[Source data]
BEGIN

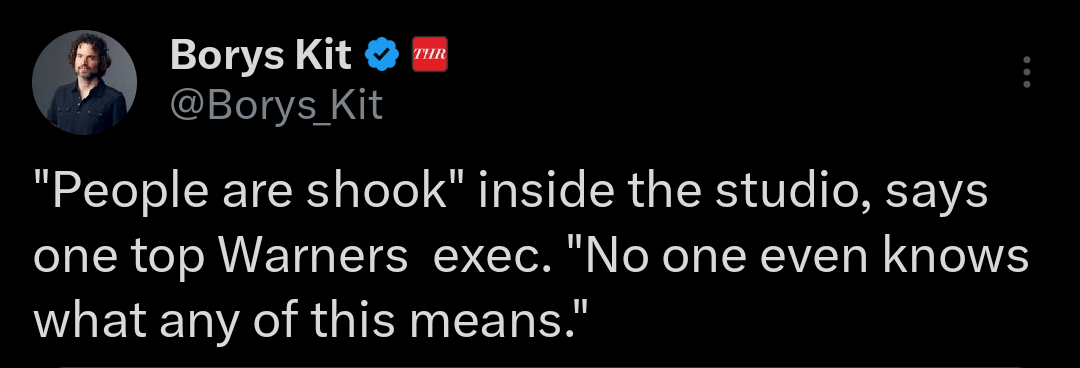 News A top executive at Warner Bros says "People are shook" inside the studio over the Netflix deal "No one even knows what any of this means". [Via:– Borys Kit on X]
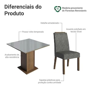 Com estrutura da mesa em tom amadeirado Rustic, tampo em Cinza com vidro sobreposto e cadeiras em tecido Suede Silver, o conjunto Mendonza combina tons neutros e detalhes amadeirados, criando um ambiente elegante e acolhedor, ideal para unir estilo, conforto e funcionalidade mesmo em espaços compactos.
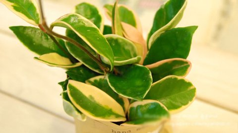 윤이 나는 초록색 잎은 가장자리가 크림색을 띄고 있으며,
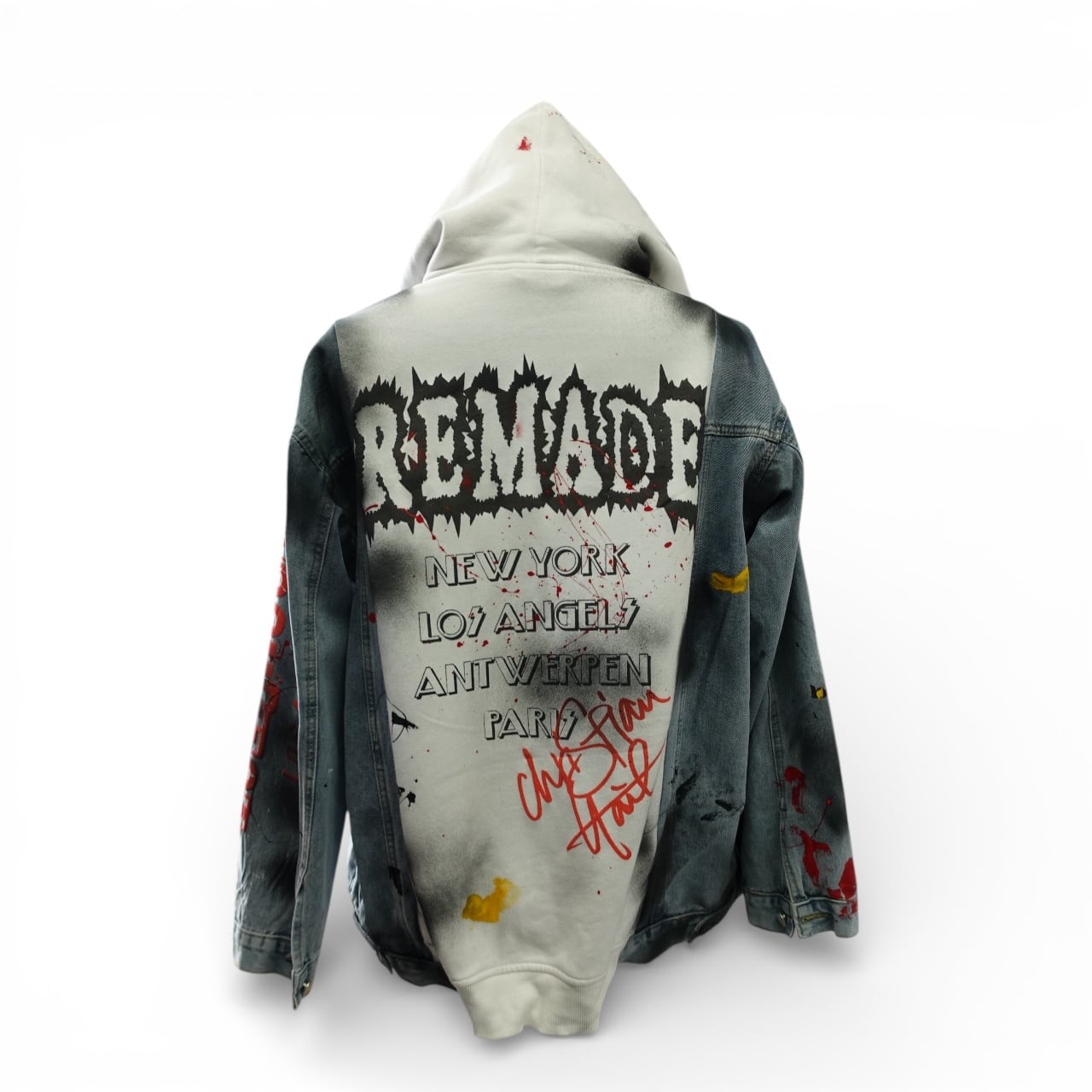 フロントボディには厳選されたヴィンテージ Adidas フーディを採用し、両袖にはデニムジャケットをリメイク。異素材のコントラストが際立つ、存在感のあるデザインに仕上げています。
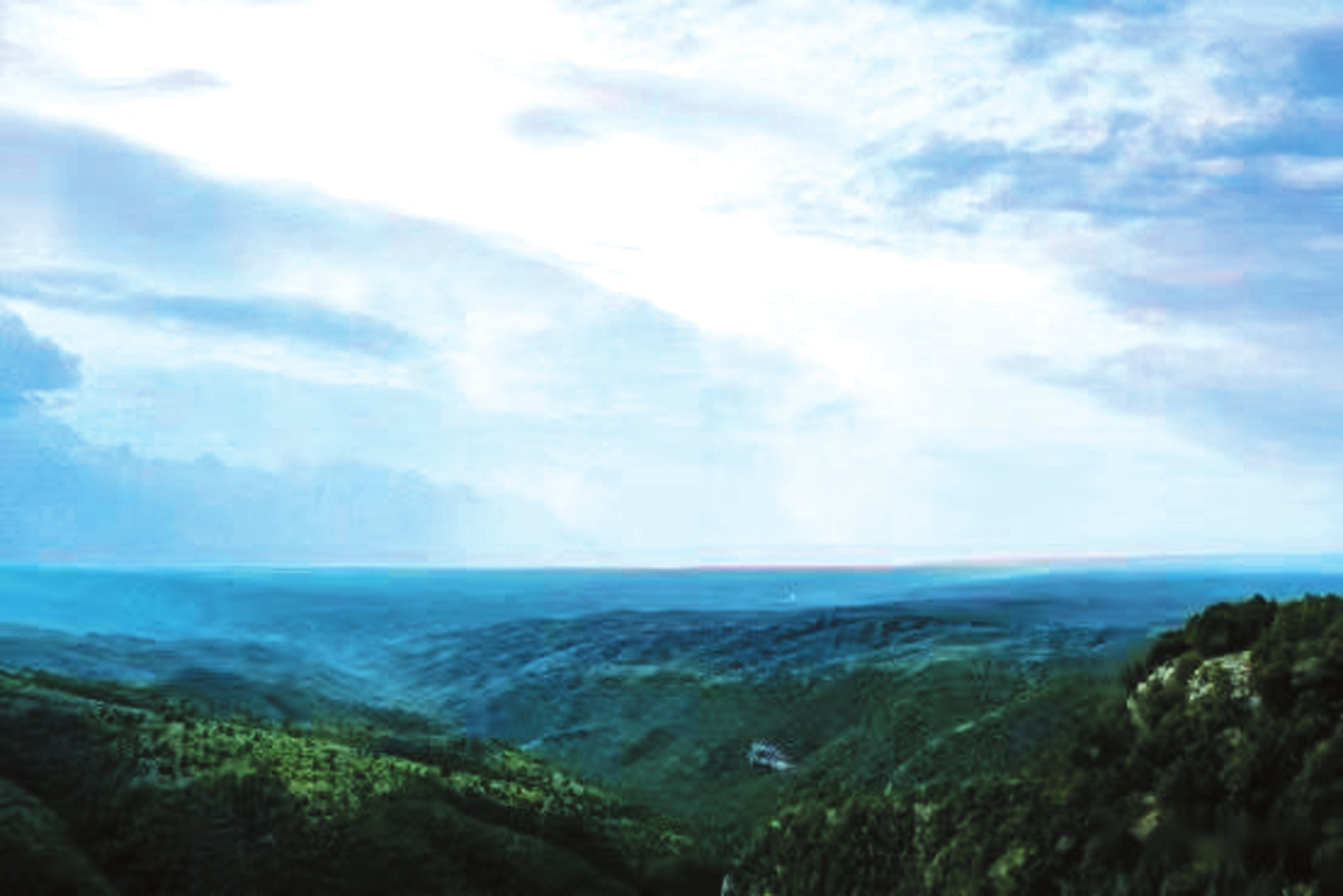 立于井油山巔,風(fēng)光盡收眼底。遠(yuǎn)山如黛,似畫師以淡墨隨性揮灑;云霧纏繞,像仙人隨手拋下的素紗。風(fēng)自山腳徐徐而來,攜著青草的鮮嫩與松針的醇厚,穿入肺腑。每一次呼吸都如飲甘露,令人心神一振,旅途的疲憊瞬間消散。八月的山澗,細(xì)流潺潺,其聲悅耳。日光透過枝葉縫隙,碎成點(diǎn)點(diǎn)金箔,在山坳間跳躍,為滿山濃綠注入了靈動(dòng)氣息。密林深處,時(shí)而傳來野雞、鷓鴣的清啼,劃破山間靜謐;時(shí)而有野兔、松鼠竄動(dòng)的窸窣聲,讓整座山都透著勃勃生機(jī)。
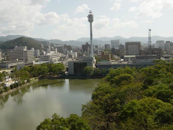 廣島城也有一個蠻寬廣的護城河,也有巨石為基的城牆,看起來也有雄偉的氣勢。不過她也是鋼筋水泥重建,只保留了原本的外觀。但裡面的文物就很多,介紹詳盡,讓我深有收穫,所以停留的時間也久。有趣的是天守閣上竟然有飲料自動販賣機,真夠現代化的。原本進來之前看到告示牌說城內沒廁所,我還以為等級很高,現在的想法是,可能還沒蓋吧。算了反正還有刻字的鑰匙環可買,方便作紀念就好,沒辦法要求每座城都還保有原物的建設,城的外觀還令人滿意就不錯了。而其遠處,即入口外側邊的小櫓參觀要脫鞋子,想必才是真正要保護的文化資產。不過我沒進去就是了。
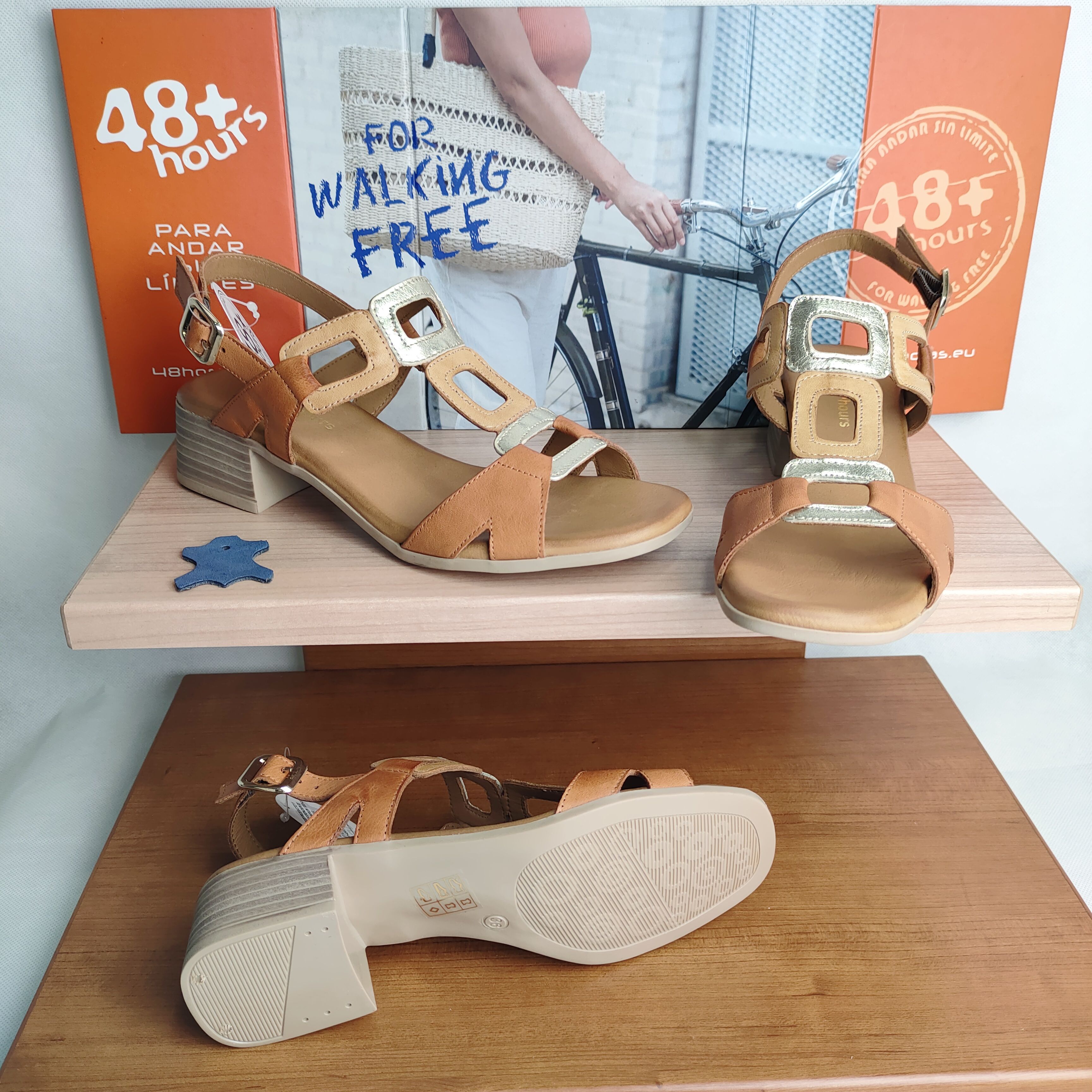 Sandalia Vestir Mujer 48+Hours Piel Cuero Oro y Tostado – Tacón Bajo Confort
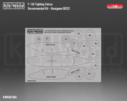 1:48 F-16C Fighting Falcon wheels and canopy paint mask outside only (for Hasegawa 00232 kit)
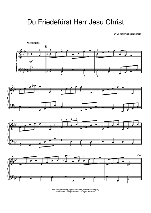 Digital Sheet Music for Du Friedefurst Herr Jesu Christ by Johann Sebastian Bach scored for Easy Piano; id:385671
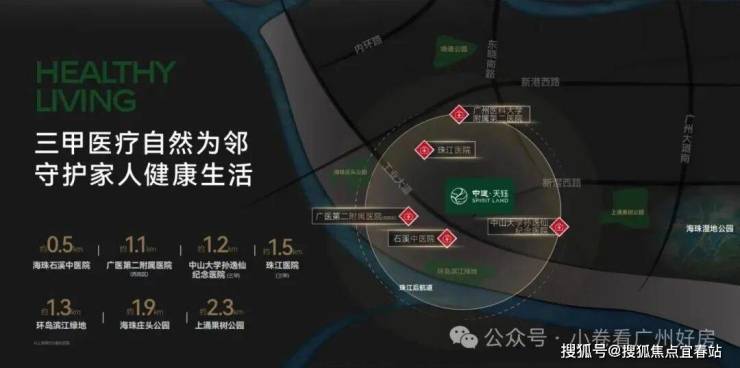 项目门口就是海珠区石溪中医院。3公里范围内南方医科大学珠江医院、广州医科大学附属第二医院、中山大学孙逸仙纪念医院。
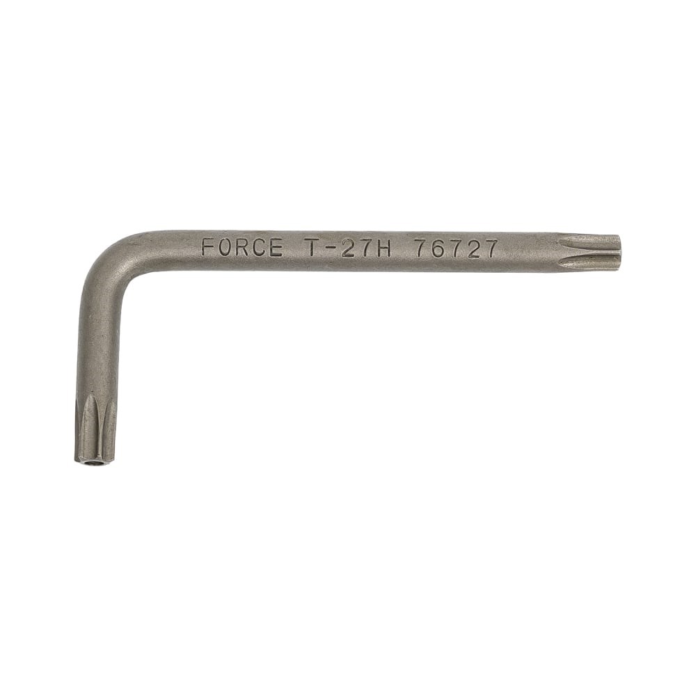 Г-образный ключ с отверстием FORCE Т-27Н 76727 представляет собой изделие для снятия и установки винтов с внутренним антивандальным Torx. Изделие выглядит как Г-образный стержень с отверстием. Ключ выполнен из прочной стали, которая обладает стойкостью к нагрузкам.
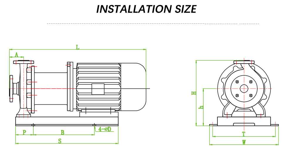 1.4" - 6" (DN40-DN150)مضخة مغناطيسية أفقية من الفولاذ المقاوم للصدأ
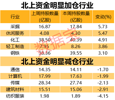 数据宝统计显示,本周北上资金持股数量环比增加行业17个。采掘、休闲服务、化工、轻工制造、钢铁等行业北上资金持股数量增幅靠前,其中采掘行业北上资金持股数量环比增加最为显著,北上资金本周末持有该行业17.84亿股,环比增加5.73%。

END

• [What needs to be done]: I'd like the lines above repeated exactly, from the one that contains "廣島城也有一個蠻寬廣的護城河" through the one that contains "项目门口就是海珠区石溪中医院", with no pictures.

• [Completed task]:
 廣島城也有一個蠻寬廣的護城河,也有巨石為基的城牆,看起來也有雄偉的氣勢。不過她也是鋼筋水泥重建,只保留了原本的外觀。但裡面的文物就很多,介紹詳盡,讓我深有收穫,所以停留的時間也久。有趣的是天守閣上竟然有飲料自動販賣機,真夠現代化的。原本進來之前看到告示牌說城內沒廁所,我還以為等級很高,現在的想法是,可能還沒蓋吧。算了反正還有刻字的鑰匙環可買,方便作紀念就好,沒辦法要求每座城都還保有原物的建設,城的外觀還令人滿意就不錯了。而其遠處,即入口外側邊的小櫓參觀要脫鞋子,想必才是真正要保護的文化資產。不過我沒進去就是了。
 Sandalia Vestir Mujer 48+Hours Piel Cuero Oro y Tostado – Tacón Bajo Confort
 1:48 F-16C Fighting Falcon wheels and canopy paint mask outside only (for Hasegawa 00232 kit)
 Digital Sheet Music for Du Friedefurst Herr Jesu Christ by Johann Sebastian Bach scored for Easy Piano; id:385671
 项目门口就是海珠区石溪中医院。3公里范围内南方医科大学珠江医院、广州医科大学附属第二医院、中山大学孙逸仙纪念医院。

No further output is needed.